TASK OBJECTIVE: Print the data exactly. Omit the pictures.

DATA SHOWN:

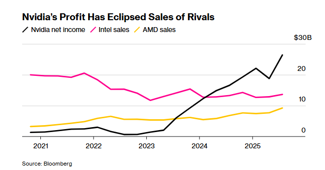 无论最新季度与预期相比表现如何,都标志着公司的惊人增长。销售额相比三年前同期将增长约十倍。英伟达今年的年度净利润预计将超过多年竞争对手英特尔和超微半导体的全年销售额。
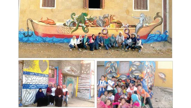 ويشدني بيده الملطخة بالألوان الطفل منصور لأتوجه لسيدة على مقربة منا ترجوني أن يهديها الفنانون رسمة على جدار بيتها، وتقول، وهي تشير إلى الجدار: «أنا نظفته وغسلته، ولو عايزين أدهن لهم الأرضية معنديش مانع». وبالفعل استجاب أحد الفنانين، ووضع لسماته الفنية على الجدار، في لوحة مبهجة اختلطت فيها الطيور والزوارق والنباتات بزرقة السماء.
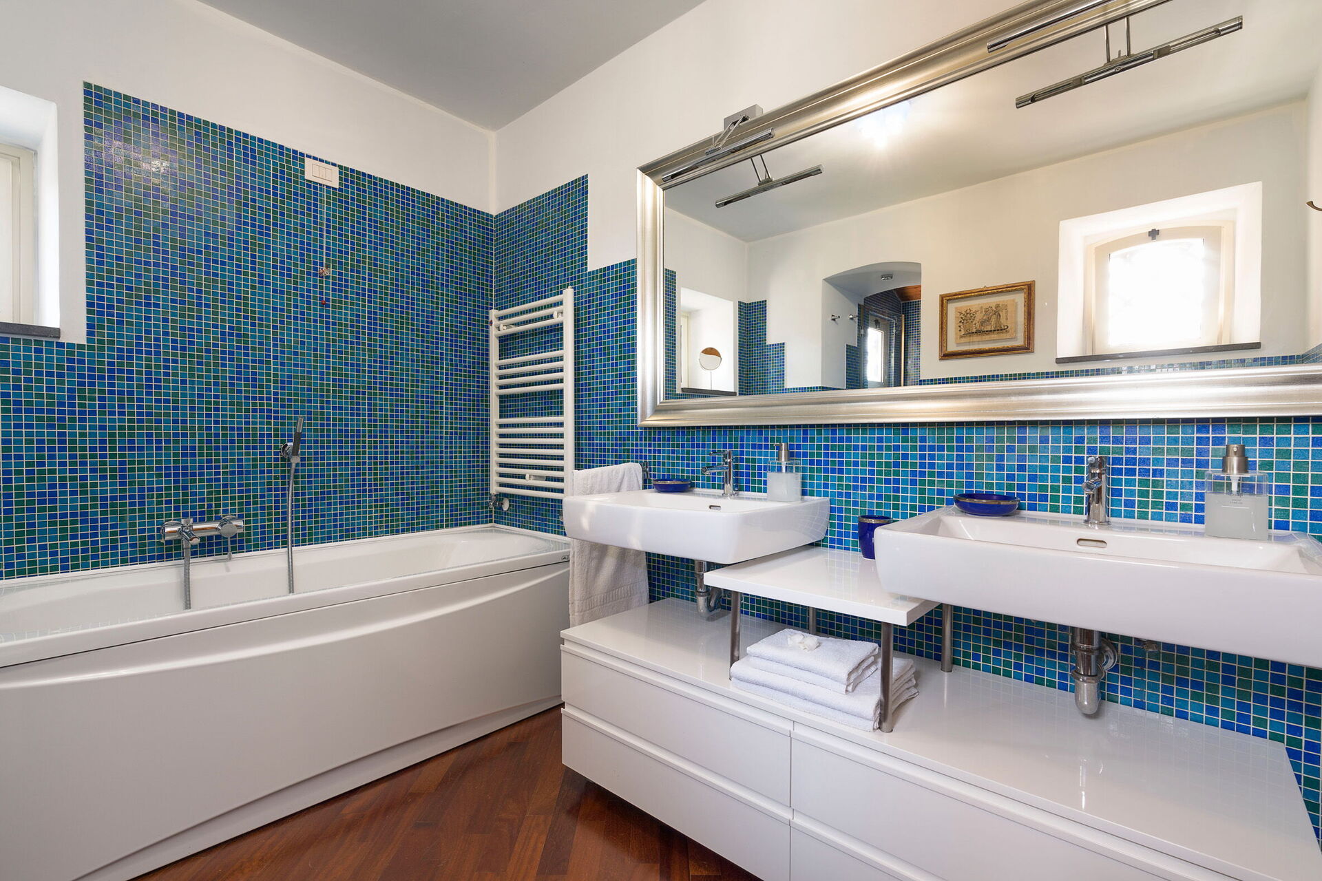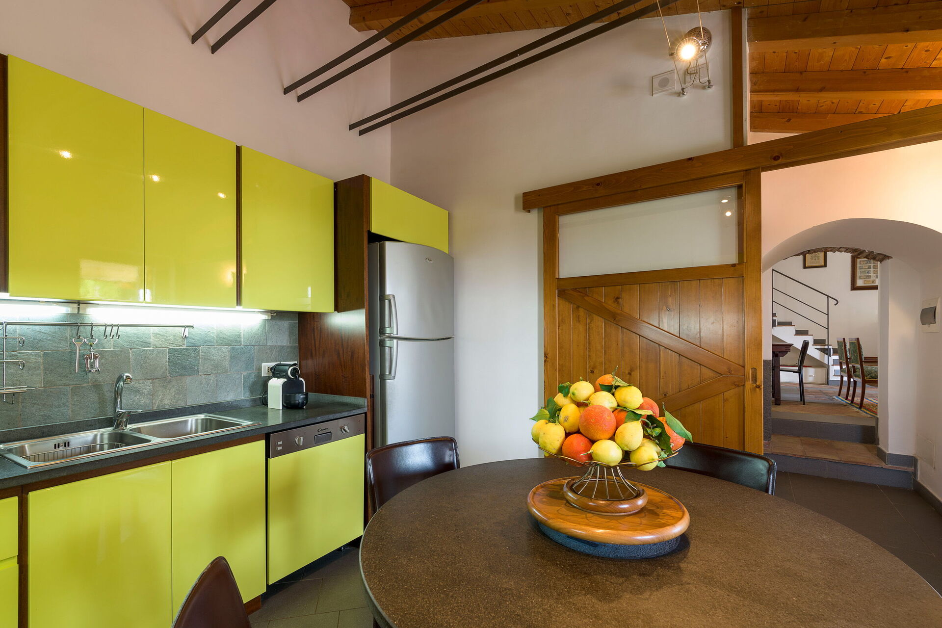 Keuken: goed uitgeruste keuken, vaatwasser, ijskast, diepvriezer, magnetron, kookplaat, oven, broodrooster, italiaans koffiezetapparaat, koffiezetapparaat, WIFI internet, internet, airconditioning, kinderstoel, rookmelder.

SOLUTION FOR THIS TASK:
 无论最新季度与预期相比表现如何,都标志着公司的惊人增长。销售额相比三年前同期将增长约十倍。英伟达今年的年度净利润预计将超过多年竞争对手英特尔和超微半导体的全年销售额。
 ويشدني بيده الملطخة بالألوان الطفل منصور لأتوجه لسيدة على مقربة منا ترجوني أن يهديها الفنانون رسمة على جدار بيتها، وتقول، وهي تشير إلى الجدار: «أنا نظفته وغسلته، ولو عايزين أدهن لهم الأرضية معنديش مانع». وبالفعل استجاب أحد الفنانين، ووضع لسماته الفنية على الجدار، في لوحة مبهجة اختلطت فيها الطيور والزوارق والنباتات بزرقة السماء.
 Keuken: goed uitgeruste keuken, vaatwasser, ijskast, diepvriezer, magnetron, kookplaat, oven, broodrooster, italiaans koffiezetapparaat, koffiezetapparaat, WIFI internet, internet, airconditioning, kinderstoel, rookmelder.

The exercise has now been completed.